**Work instruction**
The required output is the lines of the listing from the beginning through the line containing "Ce aduce fiecare", each copied exactly, without any pictures.

═════ Records for this exercise ═════

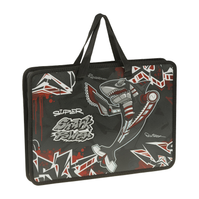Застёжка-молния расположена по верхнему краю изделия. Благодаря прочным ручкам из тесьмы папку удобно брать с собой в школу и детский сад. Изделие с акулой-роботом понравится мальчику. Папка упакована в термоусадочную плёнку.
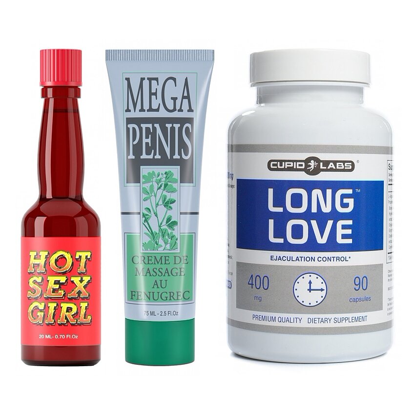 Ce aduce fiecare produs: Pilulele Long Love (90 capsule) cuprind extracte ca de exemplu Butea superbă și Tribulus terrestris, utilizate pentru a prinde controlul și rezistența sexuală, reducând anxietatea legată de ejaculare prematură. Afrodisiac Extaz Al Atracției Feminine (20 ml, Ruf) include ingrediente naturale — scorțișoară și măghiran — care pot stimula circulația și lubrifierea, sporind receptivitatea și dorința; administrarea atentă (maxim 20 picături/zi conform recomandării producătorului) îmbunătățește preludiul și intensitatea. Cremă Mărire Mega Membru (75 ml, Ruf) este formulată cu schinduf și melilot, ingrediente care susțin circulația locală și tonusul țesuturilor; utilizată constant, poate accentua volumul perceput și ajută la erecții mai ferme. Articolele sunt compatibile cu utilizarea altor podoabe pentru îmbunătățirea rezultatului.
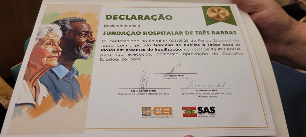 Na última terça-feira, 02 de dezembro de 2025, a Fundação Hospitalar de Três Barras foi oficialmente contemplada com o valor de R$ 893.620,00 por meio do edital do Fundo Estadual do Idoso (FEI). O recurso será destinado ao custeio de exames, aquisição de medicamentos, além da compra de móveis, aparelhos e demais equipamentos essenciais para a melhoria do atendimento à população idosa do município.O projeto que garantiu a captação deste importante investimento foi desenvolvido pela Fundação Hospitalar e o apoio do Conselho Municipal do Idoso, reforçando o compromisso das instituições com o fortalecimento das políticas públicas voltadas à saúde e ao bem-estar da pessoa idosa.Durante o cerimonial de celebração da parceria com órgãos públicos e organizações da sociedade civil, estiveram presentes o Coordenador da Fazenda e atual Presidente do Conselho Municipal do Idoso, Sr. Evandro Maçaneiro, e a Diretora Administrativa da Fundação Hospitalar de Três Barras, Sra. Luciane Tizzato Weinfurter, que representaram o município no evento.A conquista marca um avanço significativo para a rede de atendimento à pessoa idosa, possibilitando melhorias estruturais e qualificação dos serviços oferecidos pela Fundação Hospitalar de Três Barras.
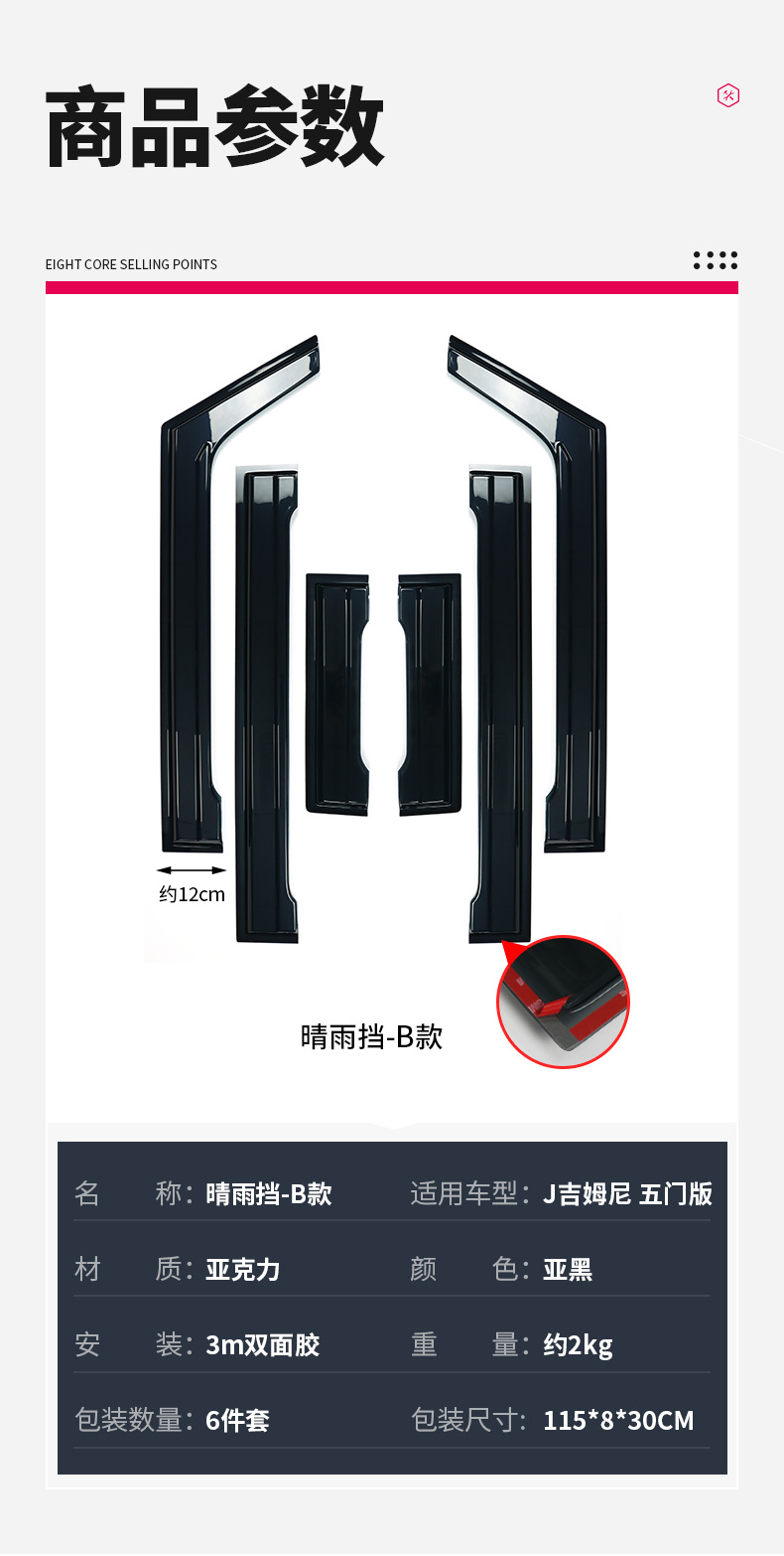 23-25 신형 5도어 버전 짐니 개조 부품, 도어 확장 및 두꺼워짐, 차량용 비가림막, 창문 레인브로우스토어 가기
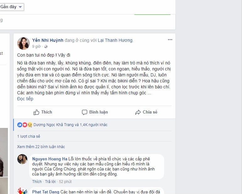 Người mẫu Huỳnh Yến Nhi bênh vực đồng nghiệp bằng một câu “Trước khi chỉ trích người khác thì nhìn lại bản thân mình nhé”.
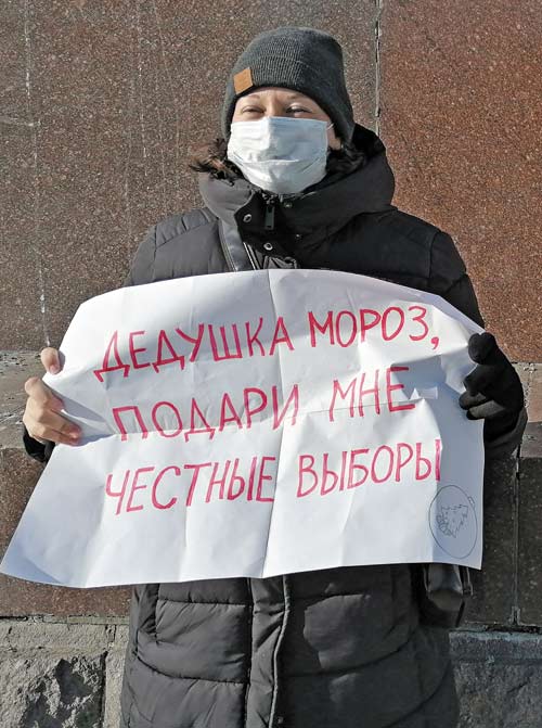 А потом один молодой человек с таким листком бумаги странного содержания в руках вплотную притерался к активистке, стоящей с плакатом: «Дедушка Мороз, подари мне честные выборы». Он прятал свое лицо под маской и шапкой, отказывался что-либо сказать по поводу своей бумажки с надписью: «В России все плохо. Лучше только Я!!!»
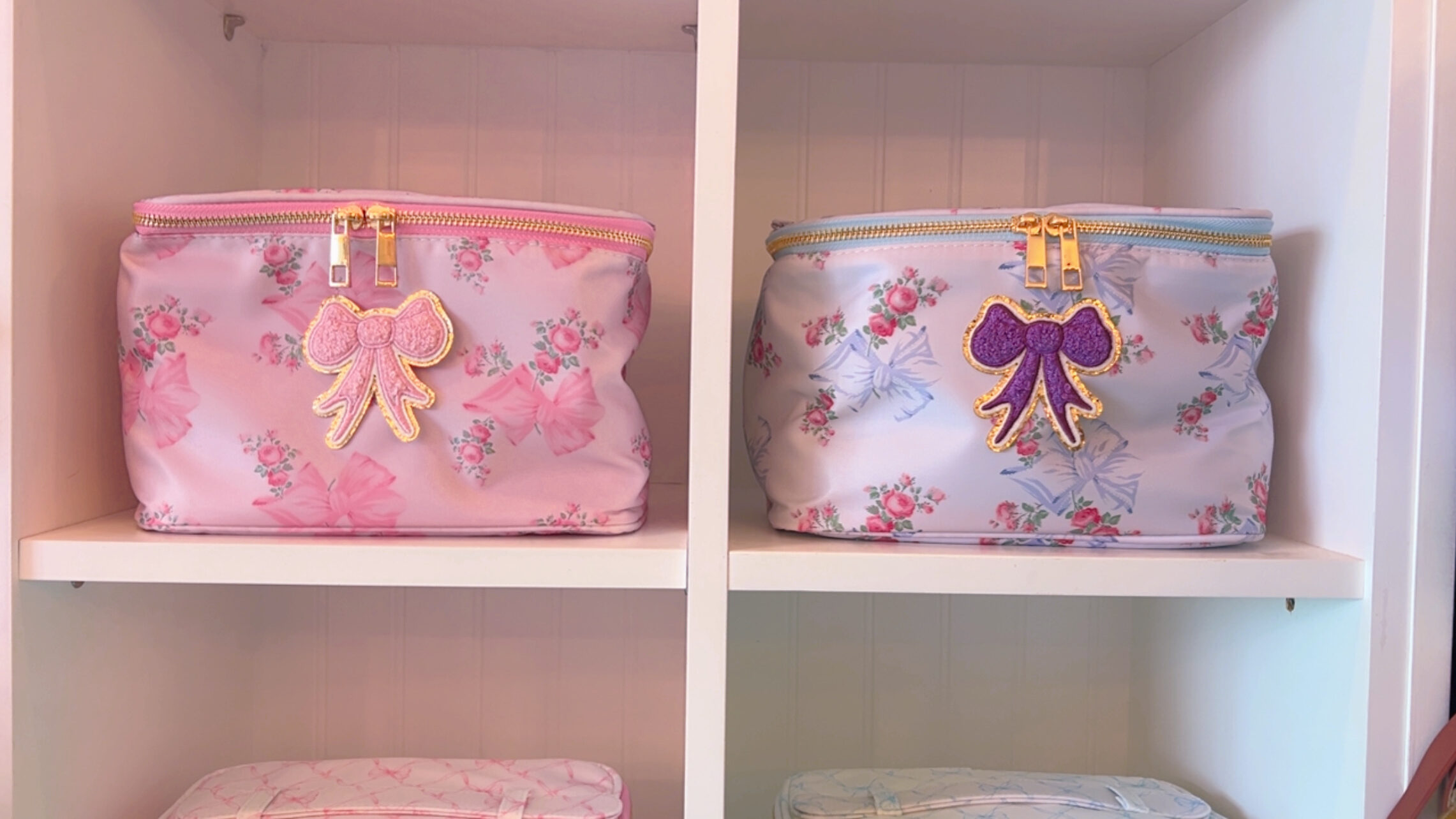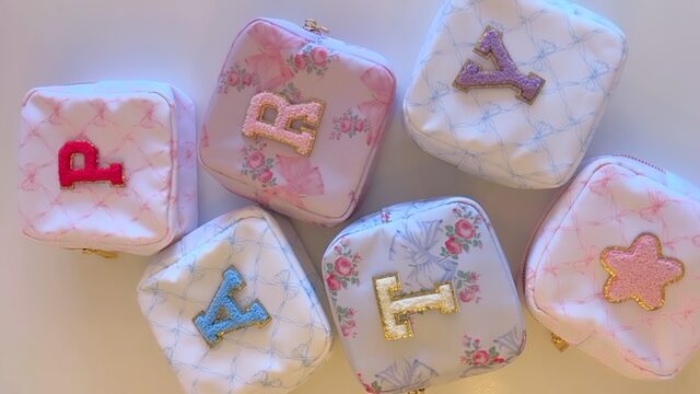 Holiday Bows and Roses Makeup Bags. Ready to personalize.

═════

**Result below**
Застёжка-молния расположена по верхнему краю изделия. Благодаря прочным ручкам из тесьмы папку удобно брать с собой в школу и детский сад. Изделие с акулой-роботом понравится мальчику. Папка упакована в термоусадочную плёнку.
 Ce aduce fiecare produs: Pilulele Long Love (90 capsule) cuprind extracte ca de exemplu Butea superbă și Tribulus terrestris, utilizate pentru a prinde controlul și rezistența sexuală, reducând anxietatea legată de ejaculare prematură. Afrodisiac Extaz Al Atracției Feminine (20 ml, Ruf) include ingrediente naturale — scorțișoară și măghiran — care pot stimula circulația și lubrifierea, sporind receptivitatea și dorința; administrarea atentă (maxim 20 picături/zi conform recomandării producătorului) îmbunătățește preludiul și intensitatea. Cremă Mărire Mega Membru (75 ml, Ruf) este formulată cu schinduf și melilot, ingrediente care susțin circulația locală și tonusul țesuturilor; utilizată constant, poate accentua volumul perceput și ajută la erecții mai ferme. Articolele sunt compatibile cu utilizarea altor podoabe pentru îmbunătățirea rezultatului.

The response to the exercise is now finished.